▸ **Information shown**
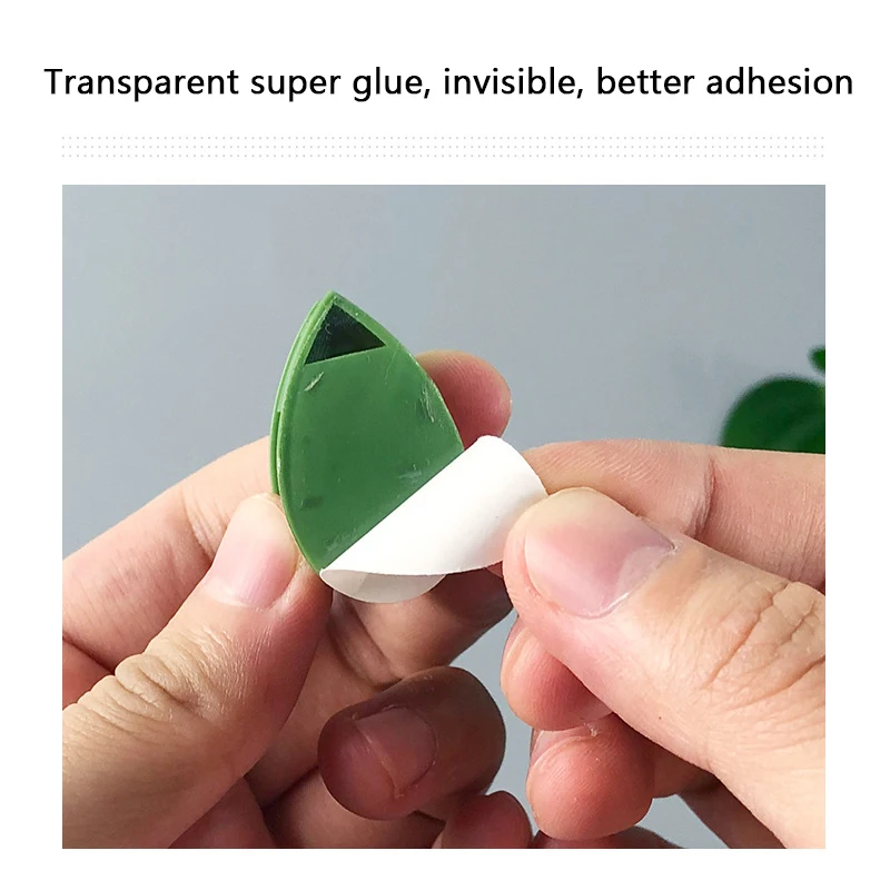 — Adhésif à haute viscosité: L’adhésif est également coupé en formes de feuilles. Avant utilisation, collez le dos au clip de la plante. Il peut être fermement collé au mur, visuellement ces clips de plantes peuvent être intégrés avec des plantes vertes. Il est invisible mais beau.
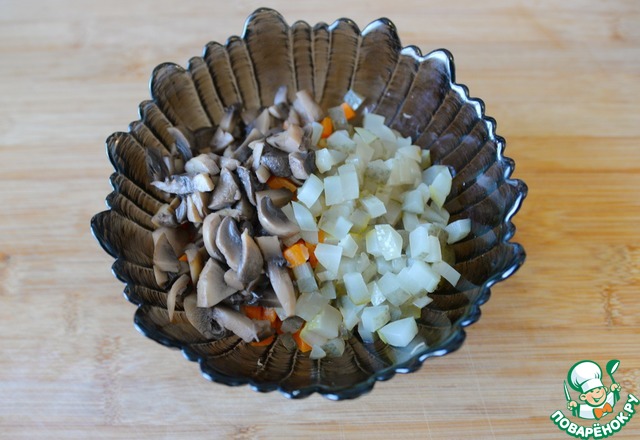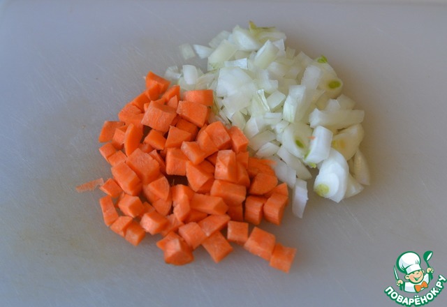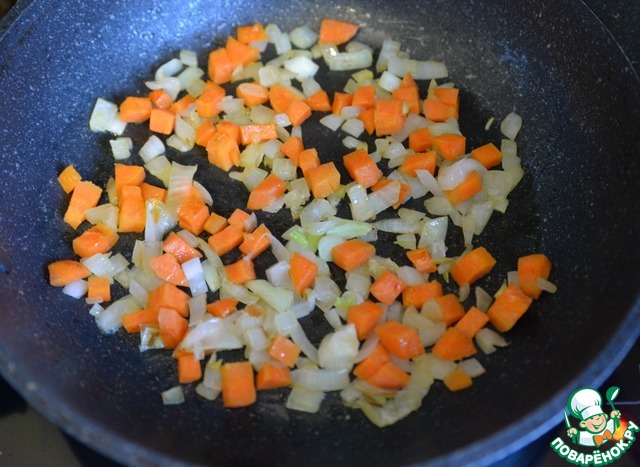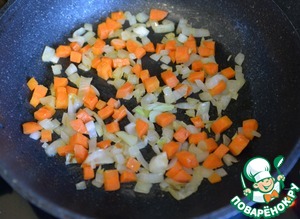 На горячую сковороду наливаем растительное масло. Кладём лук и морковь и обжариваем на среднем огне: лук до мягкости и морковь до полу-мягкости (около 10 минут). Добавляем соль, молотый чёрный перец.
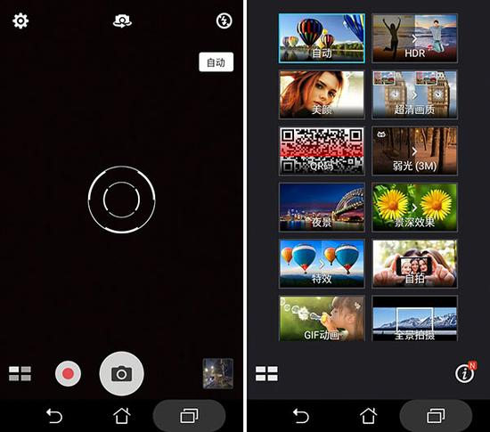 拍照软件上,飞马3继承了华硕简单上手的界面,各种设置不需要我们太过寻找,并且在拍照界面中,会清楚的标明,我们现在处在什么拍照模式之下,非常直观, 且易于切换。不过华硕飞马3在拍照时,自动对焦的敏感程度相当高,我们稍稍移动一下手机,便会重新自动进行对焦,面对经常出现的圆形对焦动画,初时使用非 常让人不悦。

* * *

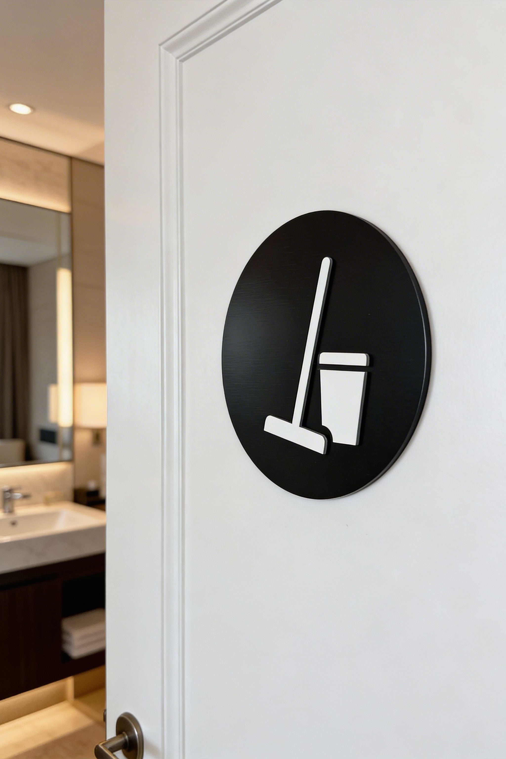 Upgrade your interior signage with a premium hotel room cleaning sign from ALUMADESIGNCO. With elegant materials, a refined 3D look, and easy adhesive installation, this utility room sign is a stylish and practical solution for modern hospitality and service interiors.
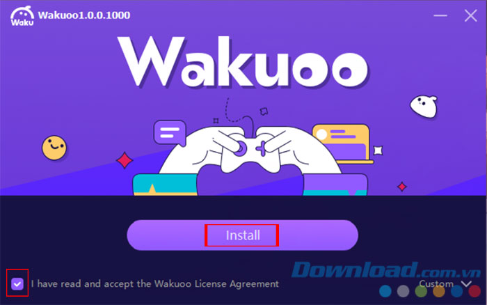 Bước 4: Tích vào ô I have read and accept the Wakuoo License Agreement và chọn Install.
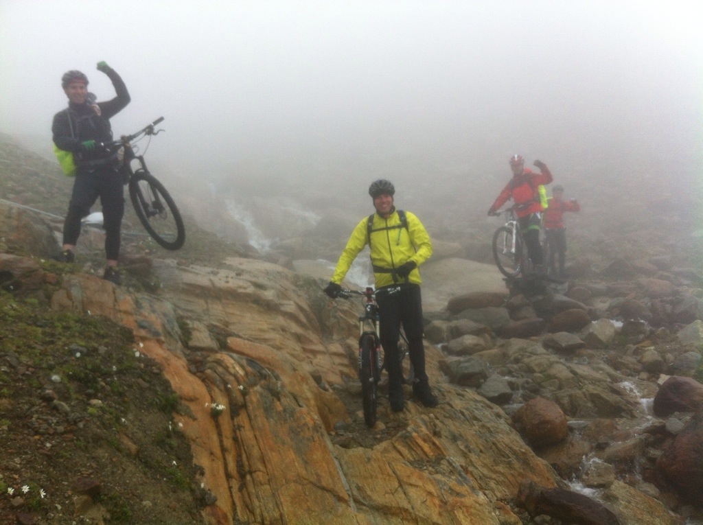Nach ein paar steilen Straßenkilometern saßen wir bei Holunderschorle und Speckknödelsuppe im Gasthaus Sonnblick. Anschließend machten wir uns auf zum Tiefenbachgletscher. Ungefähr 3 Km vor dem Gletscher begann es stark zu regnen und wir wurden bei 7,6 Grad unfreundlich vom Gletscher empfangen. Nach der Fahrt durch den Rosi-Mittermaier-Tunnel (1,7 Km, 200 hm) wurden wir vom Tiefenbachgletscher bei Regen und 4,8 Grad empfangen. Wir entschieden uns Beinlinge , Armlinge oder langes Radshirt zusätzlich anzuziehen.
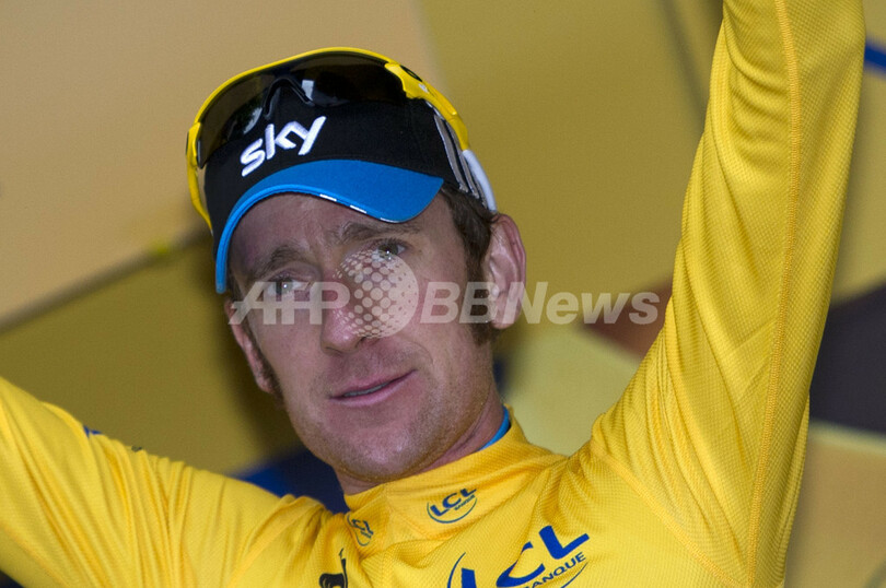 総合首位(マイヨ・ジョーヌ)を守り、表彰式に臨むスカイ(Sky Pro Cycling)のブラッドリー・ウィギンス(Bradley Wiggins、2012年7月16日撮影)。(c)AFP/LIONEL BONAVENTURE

▸ **Work instructions**
Starting with the line above that holds "Upgrade your interior", restate each line word for word up to and including the line that holds "Bước 4: Tích". Drop the pictures.

▸ **Task output**
 Upgrade your interior signage with a premium hotel room cleaning sign from ALUMADESIGNCO. With elegant materials, a refined 3D look, and easy adhesive installation, this utility room sign is a stylish and practical solution for modern hospitality and service interiors.
 Bước 4: Tích vào ô I have read and accept the Wakuoo License Agreement và chọn Install.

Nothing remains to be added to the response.